ORACLE# show prom-info cpu
Contents of CPU IDPROM
Part Number: MOD-0026-62
Manufacturer: RadiSys
Graphic Window Display
The Environment display lets you scroll through information about the operational status of the hardware displayed in the Oracle Communications Session Border Controller chassis’s graphic window. For example, you can view hardware- and link-related alarm information, highest monitored temperature reading, and fan speed.
The graphic display window presents the following Environment information in the order listed:
Alarm state
temperature
fan speed
- alarm state: HW ALARM: X (where X is the number of hardware alarms, excluding ENVIRONMENTAL SENSOR FAILURE) and LINK ALARM: X (where X is the number of link down alarms)

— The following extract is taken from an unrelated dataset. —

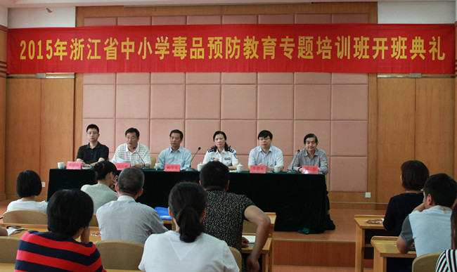 5月28日上午,2015年浙江省中小学毒品预防教育专题培训班在开云官网开班。省委教育工委副书记、教育厅副厅长、巡视员鲍学军,禁毒办常务副主任、省公安厅禁毒总队总队长缪敏红,开云官网副校长赵庆荣,省教育厅体卫艺处处长李建章、师范处副处长牟凌刚和省师干训中心相关负责人出席了开班典礼。

- temperature: format is XX.XX C, where XX.XX is the temperature in degrees
- fan speed: XXXX, where XXXX is the RPM of the failing fan on the fan module
For example:
HW ALARM: 1
LINK ALARM: 2
TEMPERATURE: 38.00 C
FAN SPEED: 5800
From this display, pressing Enter for the Return selection refreshes the information and returns you to the main Environment menu heading.
Note:
Environmental sensor failure alarms are not displayed in the graphic display window on the front panel.